Both teams claimed 33 ground balls and kept each other scoreless on EMO’s (0-4 for both teams).

Duke had to rely on Keenan’s outside shooting to keep North Carolina’s defense turning around towards the outside as it clamped down on numerous occasions to contain the Blue Devils’ passes to the top of the crease all game.

“They played really great,” Keenan said of the Tar Heels defense.

“Their goalie played on his head at moments. It took a lot of work – more than we thought. After a couple of dodges, we had a couple of multiple-dodge possessions before we could crack them.”

The Tar Heels’ Stephen Kelly won the overall battle at faceoff X, claiming 13 of 20 draws from Duke’s Brendan Fowler (7-19).

“I thought their faceoff guy did a terrific job,” Duke head coach John Danowski said.

However, the draws that Fowler did win were at key moments in the game, including at the beginning of overtime that put the ball in Duke’s crosses to set up Wolf’s winning marker.

After neither side could convert on opportunities to decide the game in regulation, it was Wolf who was the difference maker, scoring his goal after initiating his starting point at X and driving around the cage in full stride to beat his defender and Burke.

“I’ve played with Christian Walsh for a while and I knew he was going to throw it to me,” Wolf said.

“He set a pick – once he threw it I attacked the ball – walked around the guy that played me on (the) top side, I spun and scored.”
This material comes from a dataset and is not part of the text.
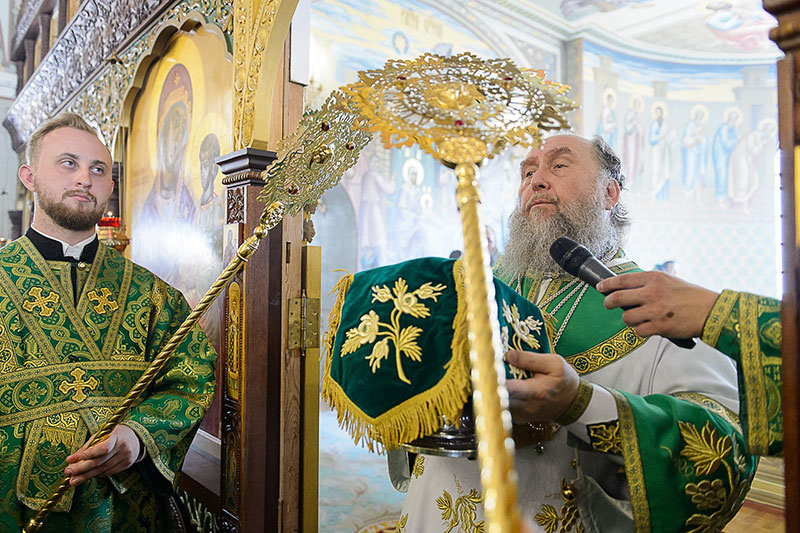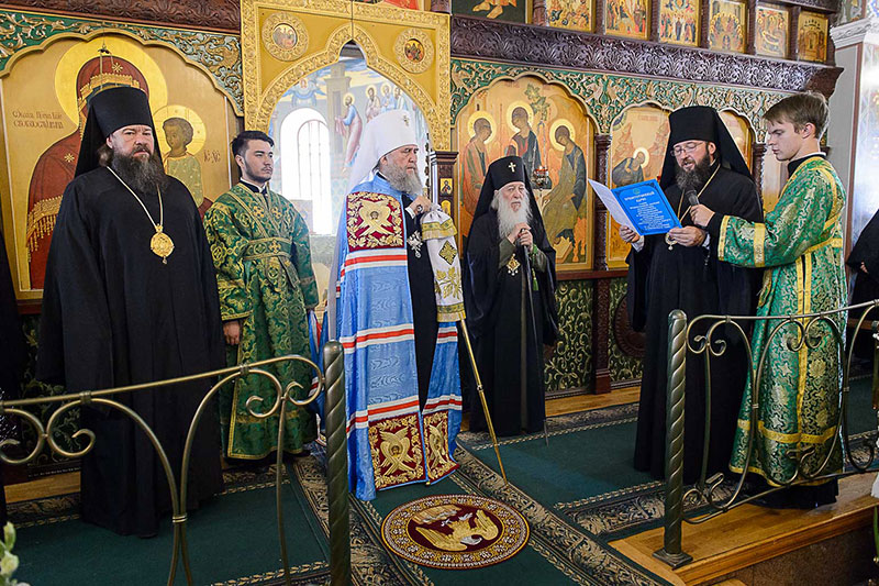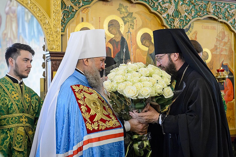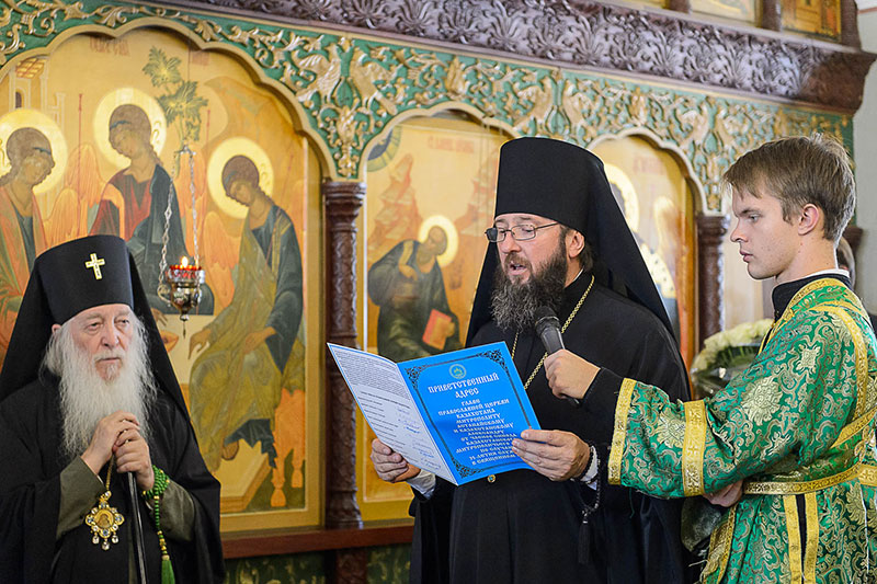 Было возглашено многолетие «Великому Господину и отцу нашему Кириллу, Святейшему Патриарху Московскому и всея Руси и Свято-Троицкой Сергиевой Лавры священноархимандриту; Главе и Преосвященным архипастырям Казахстанского Митрополичьего округа, стране Казахстанской, Президенту, властем, воинству и народу ея; всему освященному собору и всем православным христианом».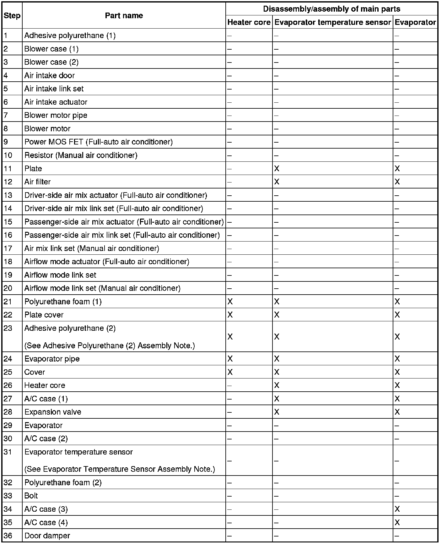 1. Disassemble in the order indicated in the table.

Deemer Class and Case Matheis rounded out the Blue Devils’ scoring in a game that had the teams tied four different times and playing playing catch-up to North Carolina (5-2, 0-2) who established two-goal leads during the first and third quarters.

“Overall I was really proud of the effort that our guys put in – the execution, the attention to details, how tough we played,” North Carolina head coach Joe Breschi said.

“We know playing against Duke it’s always gonna’ be a slugfest as it has been.”

It was renewal of an area rivalry among reigning title holders as the NCAA-champion Blue Devils faced the ACC-champion Tar Heels  for the 70th meeting all-time between the two teams.

However, it wasn’t the two teams’ offenses that swung as hard their respective defenses did on this day.

The last time the Blue Devils and Tar Heels met one another was in the semifinal of the 2013 Atlantic Coast Conference (ACC) tournament in Chapel Hill when the Tar Heels outlasted the Blue Devils in an 18-17 duel.

As many watching would have expected a similar outing, both teams actually began the game very conservatively and played a much more defensively-minded game for the entire duration.

In a sport that highlights offensive spurts that many times renders the men in the cage helpless, it was refreshing to watch two goalkeeping performances that pushed the excitement level in a rivalry game even higher, from 10 to 11.

Credit both Aaron and Burke for that.